The structure and dissociation pathways of protonated methanol: An ab initio molecular orbital study

Ab initio molecular orbital calculations with moderately large polarization basis sets and including valence‐electron correlation have been used to examine the structure and dissociation mechanisms of protonated methanol [CH 3 OH 2 ] + . Stable isomers and transition structures have been characterized using gradient techniques. Protonated methanol is found to be the only stable isomer in the [CH 5 O] + potential surface. There is no evidence for a tightly‐bound complex, [HOCH 2 ] + …H 2 , analogous to the preferred structure [CH 3 ] + …H 2 of [CH 5 ] + . Protonated methanol is found to possess a pyramidal arrangement of bonds at the oxygen atom with a barrier to inversion of 8kJ mol −1 . The lowest energy fragmentation pathways are dissociation into methyl cation and water (predicted to require 284 kJ mol −1 with zero reverse activation energy) and loss of molecular hydrogen (endothermic by 138 kJ mol −1 but with a reverse activation barrier of 149 kJ mol −1 ).
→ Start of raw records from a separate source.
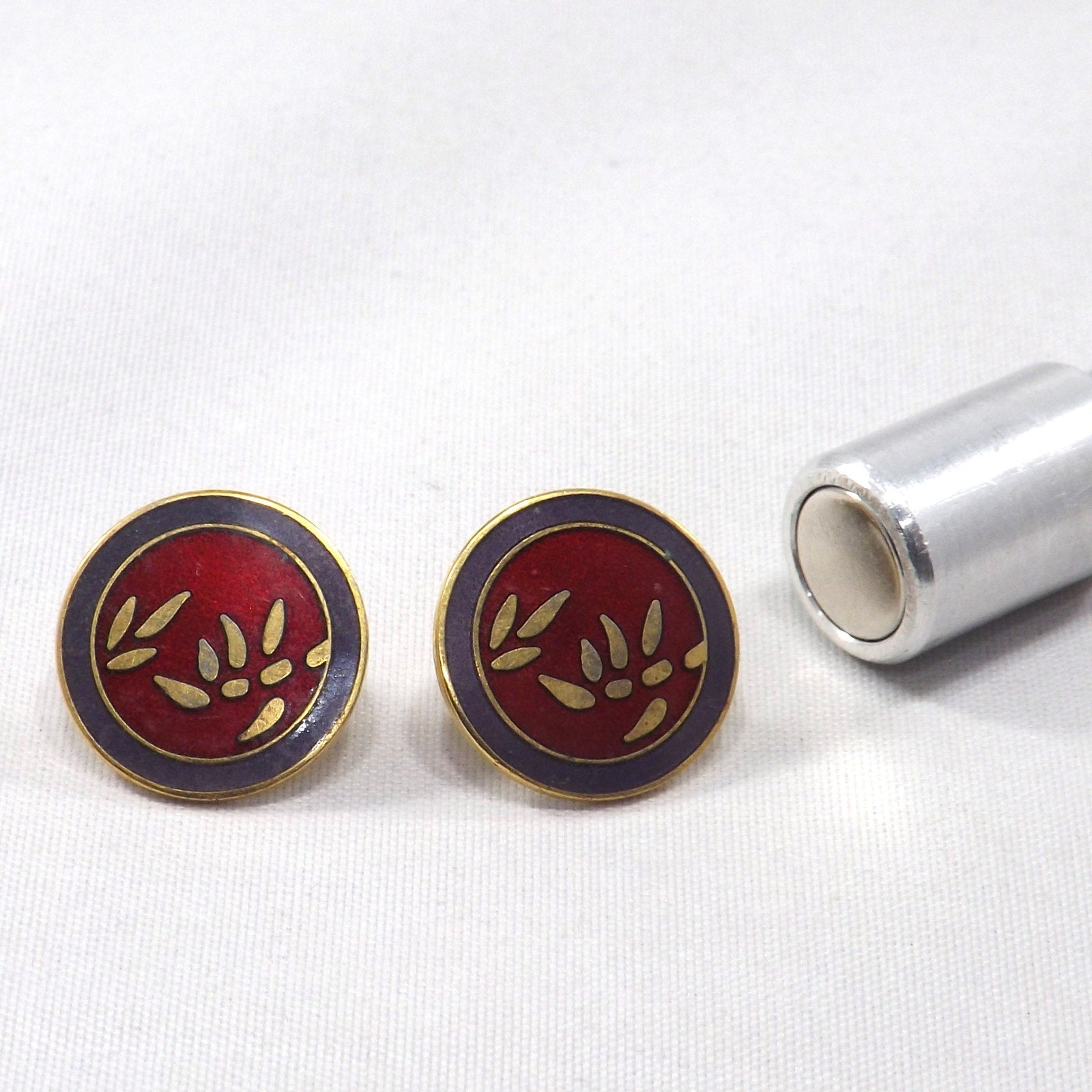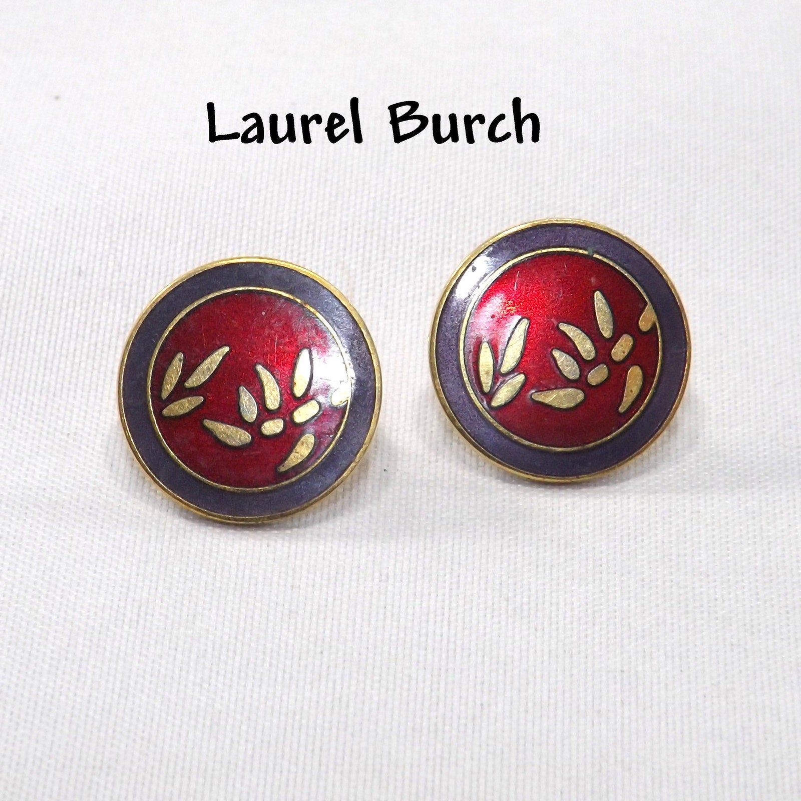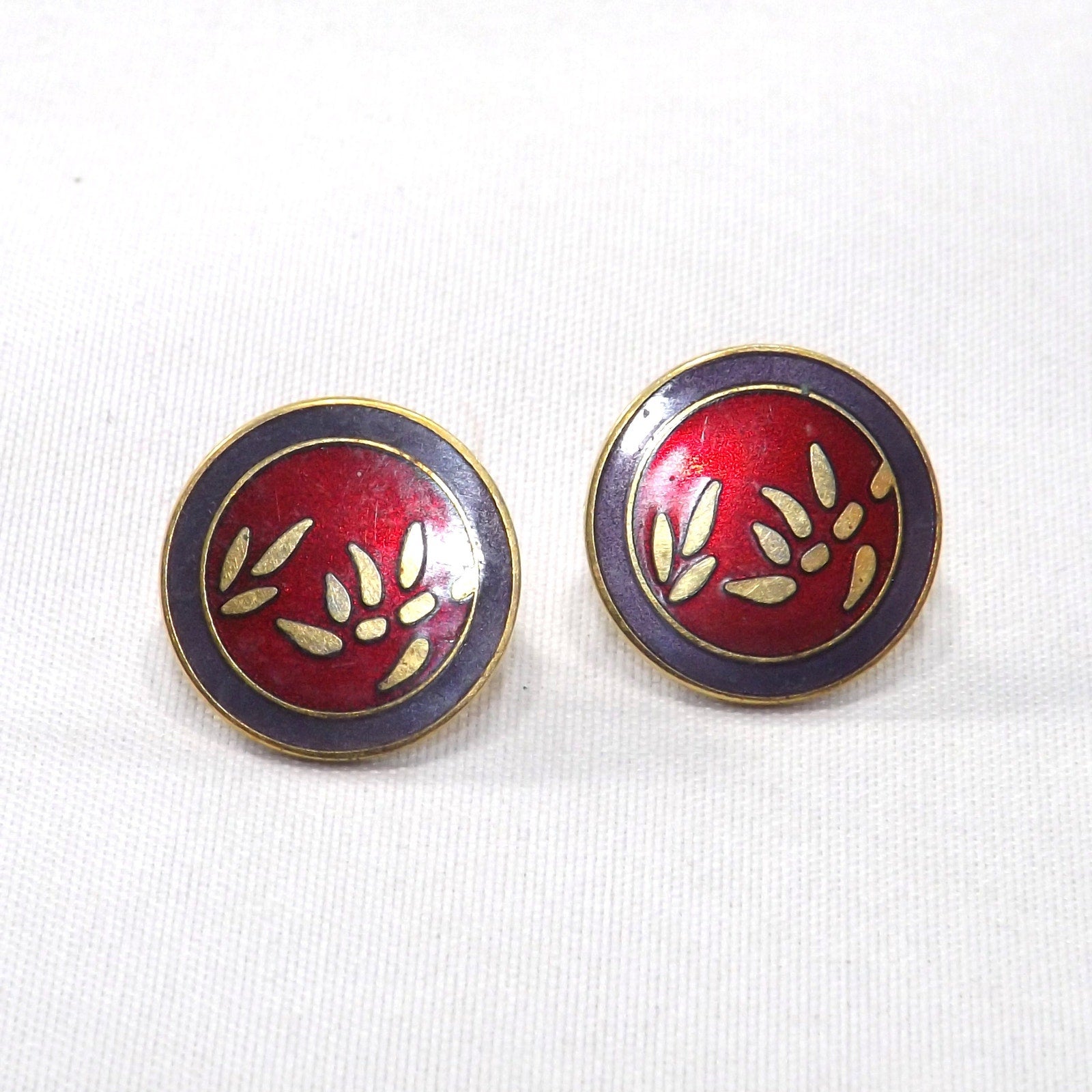*Description: This is a great pair of Laurel Burch earrings using her bamboo design on a pair of post earrings. The cloisonné technique is used with gold plating and filled in with enamel in red and purple. The bamboo is also in gold. Laurel Burch always used gold filled posts and ear wires. This pair has been a very loved pair and the backs show signs of wear however the front looks to be in great vintage condition. They are a great pair of Laurel Burch post earrings.
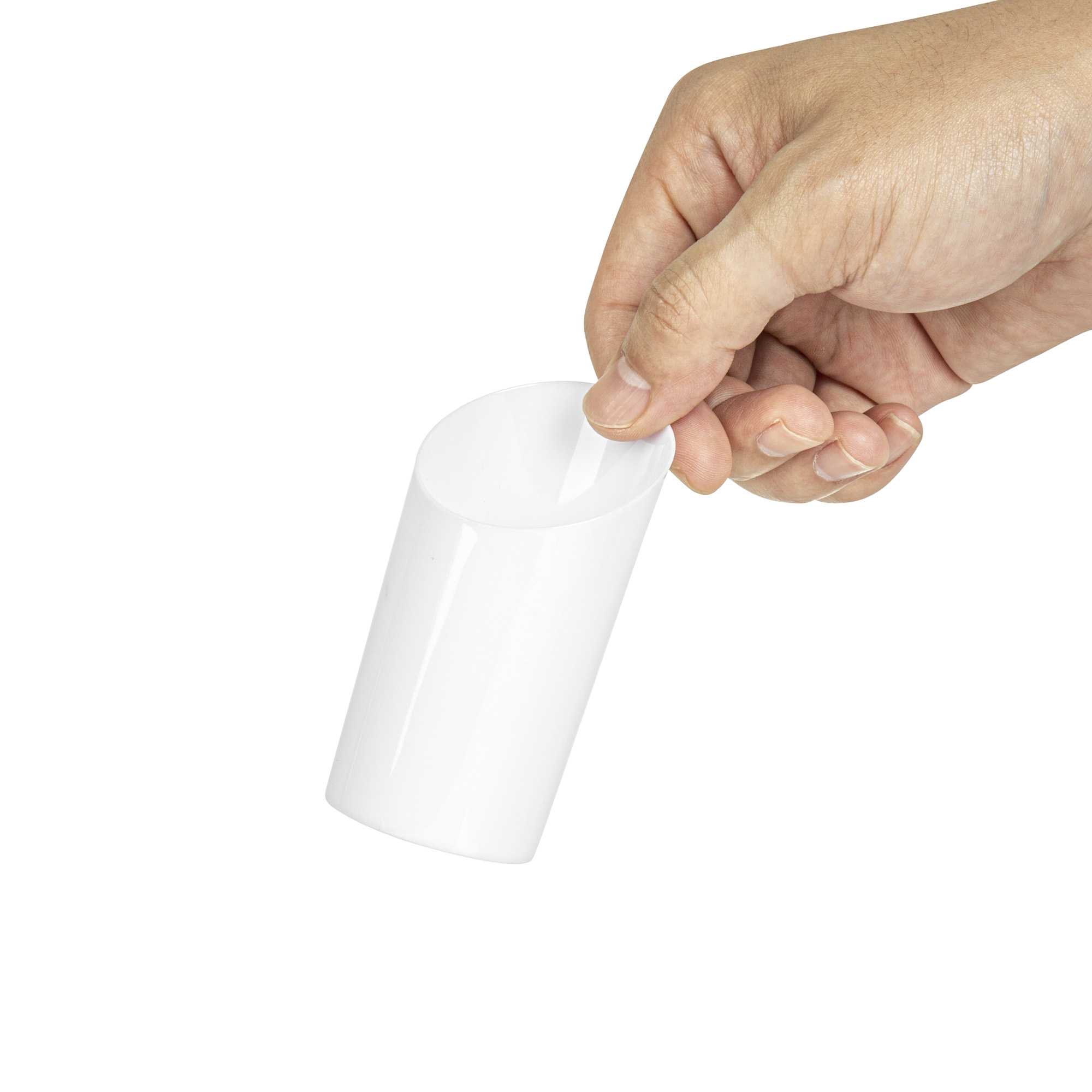 3 OZ ROUND WHITE PLASTIC INCLINE SHOT GLASS
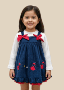 She’s crawling across the play mat, grinning at the red bows on her shoulders. You’re smiling too, because this outfit looks like it came from a boutique window but still survives applesauce smears and stroller naps. It’s cheerful, practical, and the kind of dress strangers stop to comment on at the park.

The results offer a possible explanation as to why production of [CH 2 OH] + from the reaction of methyl cation with water is not observed. Other dissociation processes examined include loss of a hydrogen atom to yield the methylenoxonium radical cation or methanol radical cation (requiring 441 and 490 kJ mol −1 , respectively) and loss of a proton to yield neutral methanol (requiring 784 kJ mol −1 ).